Conifex, a new firm being set up by three former forestry and investment banking executives, said it will pay $12.8 million for the Fort St. James mill in northern British Columbia. The deal also include $3 million in liabilities, including reforestation and environmental expenses.
Conifex - which is being run by former Slocan CEO Ken Shields, Former Primex Forest Products CEO George Malpass and former Raymond James executive Dave Roberts - said it plans to have the mill fully operating by next month.
--- 680 news

Finally some great news to report. A Canadian company, and the Court even gave a big 'f.o,a.d.' to Indonesia's PT Pinto Deli.
WOOT!

Monday, June 30, 2008

Beetles take Bite of Alberta, Ont Mill wants Smarter Workers

Climate change deniers, who seem to abound in Alberta, get to feel the bite of the Northern Pine Beetle as yet another mild winter is causing an explosion there of infestation.
Spring survey results released this week are showing that high numbers of the beetles survived the winter across much of southwest Alberta and in several pockets in west-central Alberta.
Two years ago, beetles had attacked 19,000 trees in Alberta. A year ago, the figure was three million. Besides threatening an estimated $23 billion worth of timber in Alberta forests, officials worry about potential changes to the watershed, leading to more run-off and flooding.
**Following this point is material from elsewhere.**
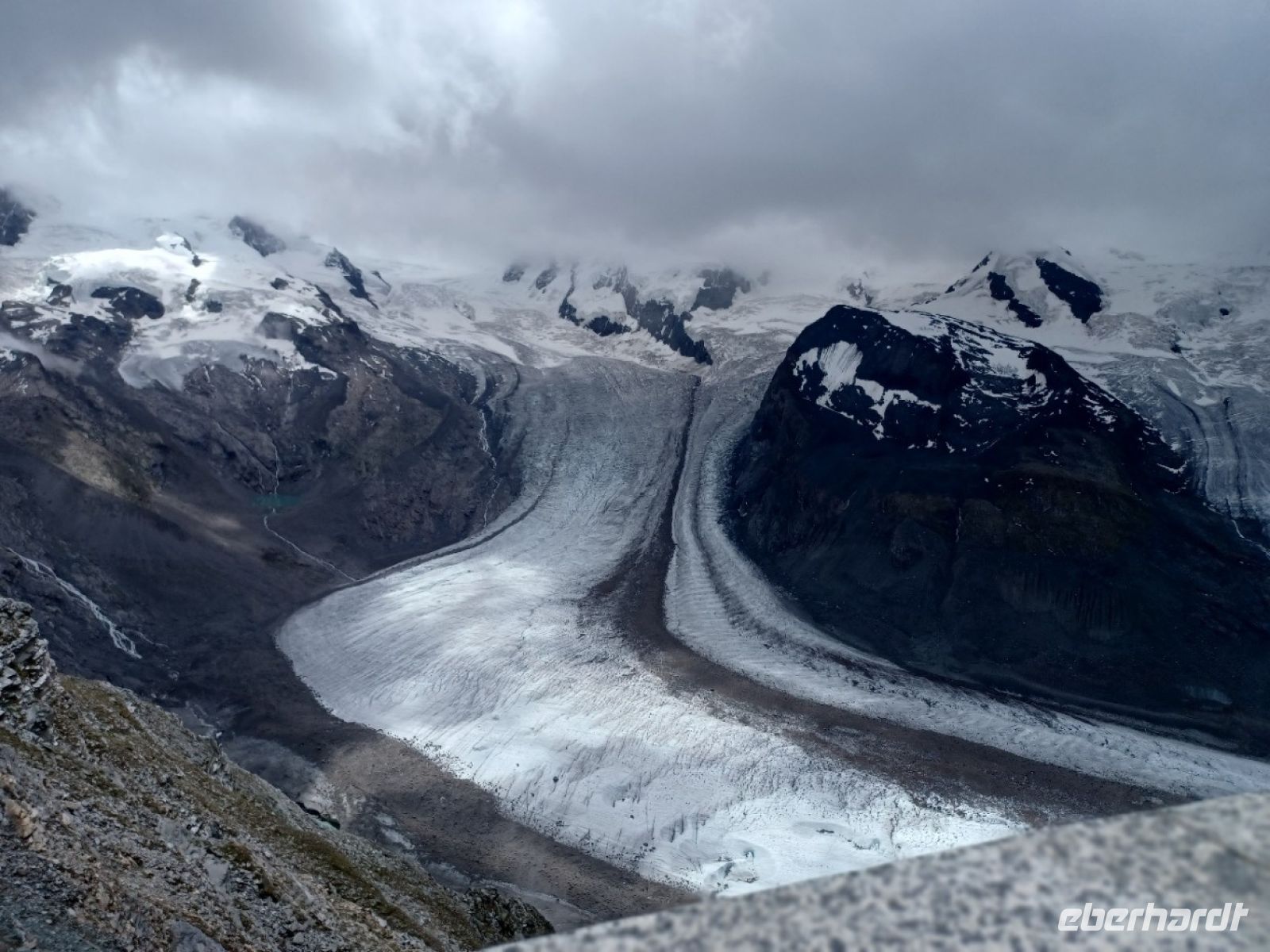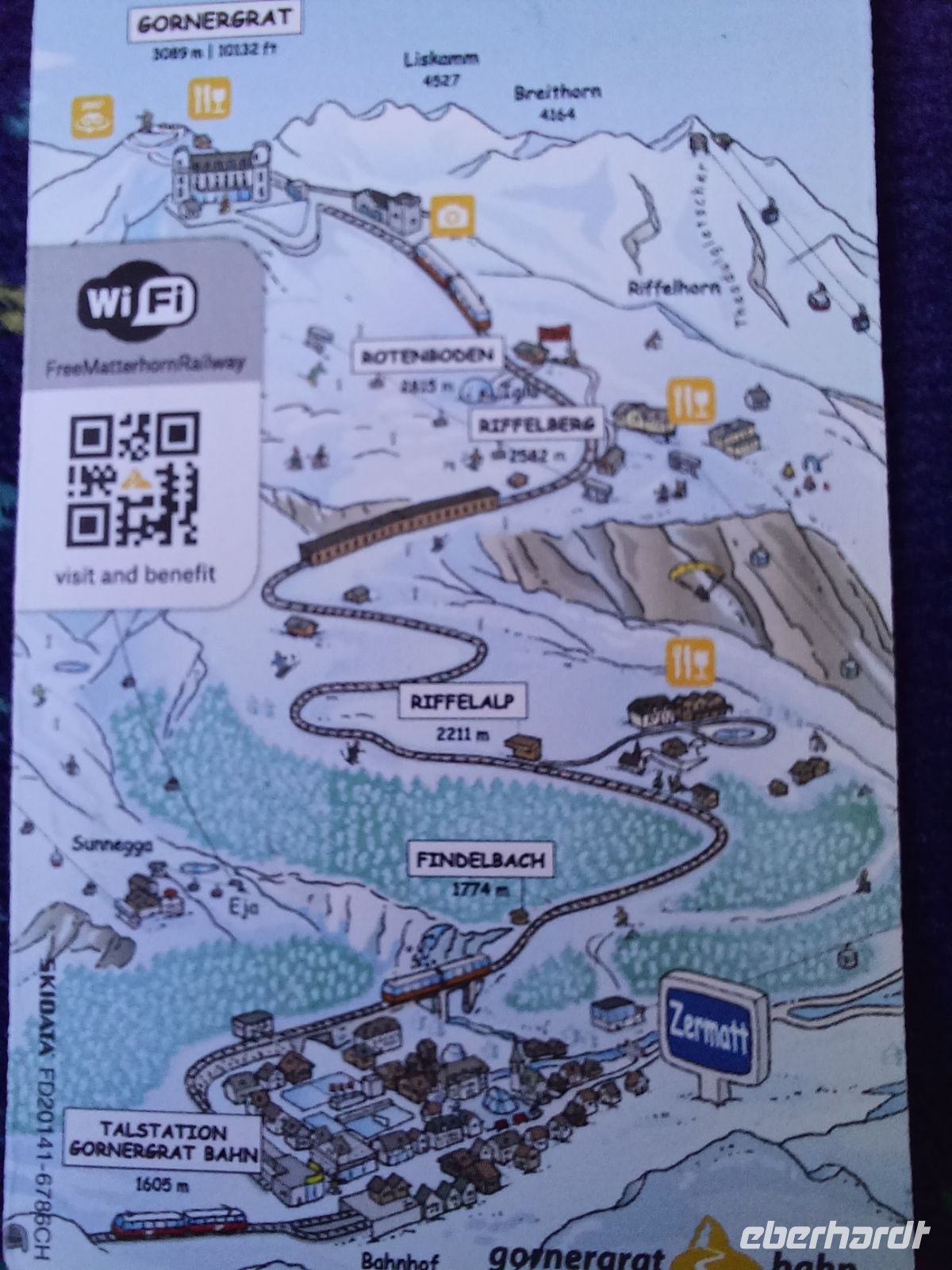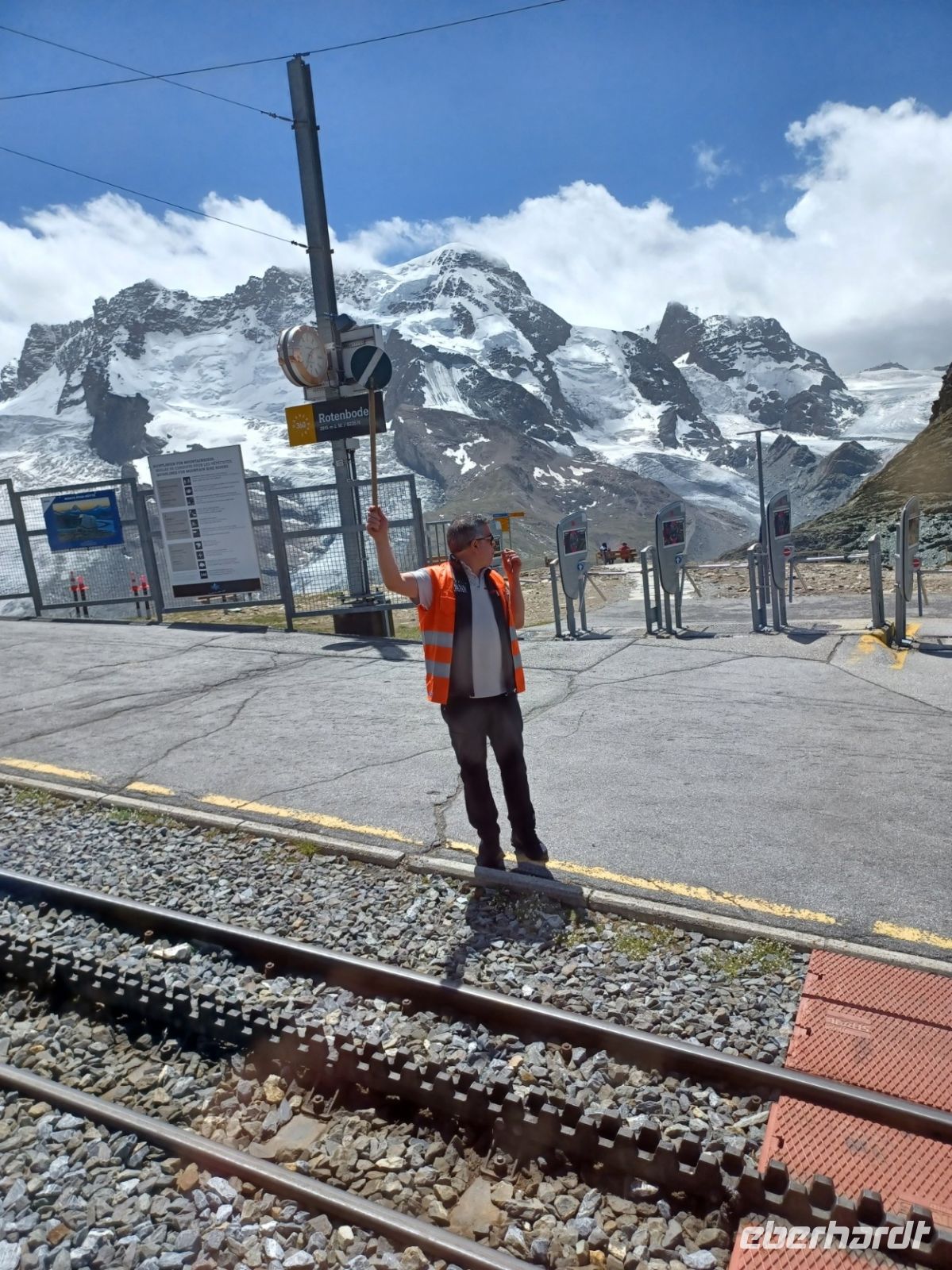 33 Min dauert die Hochtour mit der Bahn zum Gornergrat, 44 Min. die Rücktour. Unterwegs kann man an 5 zusätzlichen Stationen aussteigen u. Wanderungen unternehmen oder in einer Berghütte einkehren. Wer durchfährt, kann auf dem Gornegrat das Zoom, eine virtuelle Erlebniswelt besuchen, die Aussichtsplattform besteigen, das Restaurant u. den Souvenirshop besuchen. Aber bei guter Sicht -und die hatten wir dann wirklich- kann sich das Auge nicht satt sehen: die Monte Rosa Bergkette mit der Dufourspitze (4634m), der Gornergletscher, der Findelgletscher, der Furggletscher, Das Klein Matterhorn (3883m) u. das Matterhorn (4478m). Nach individuellem Tempo zum Aufenthalt begibt sich jeder wieder zum Abstieg in die Bergbahn.

Ontario Mill now sets Grade 12 standard:
When Red Rock Mill Inc. reopens the mill in Red Rock, Ontario in 2009 (to manufacture the Multiply line), all employees will need to have their grade 12 for safety reasons.

According to Red Rock's labour adjustment centre, roughly 40% of workers who were laid off from mill closures in Nipigon and Red Rock over the last few years didn't finish high school.

Mill manager Mike Shusterman said Thursday that some workers who would normally be hired in a flash because of their solid work history, won't qualify if they don‘t have Grade 12.


It ain't that hard!
Mills here should strictly enforce GR 12 or better on all new hires, there's no way some kid who won't finish school should be taking a job away from one who will. No way a Supervisor should consider hiring someone without the ambition to even graduate!

--both stories in foresttalk.com

Saturday, June 14, 2008

Booked your Moving Van yet? More wait and see...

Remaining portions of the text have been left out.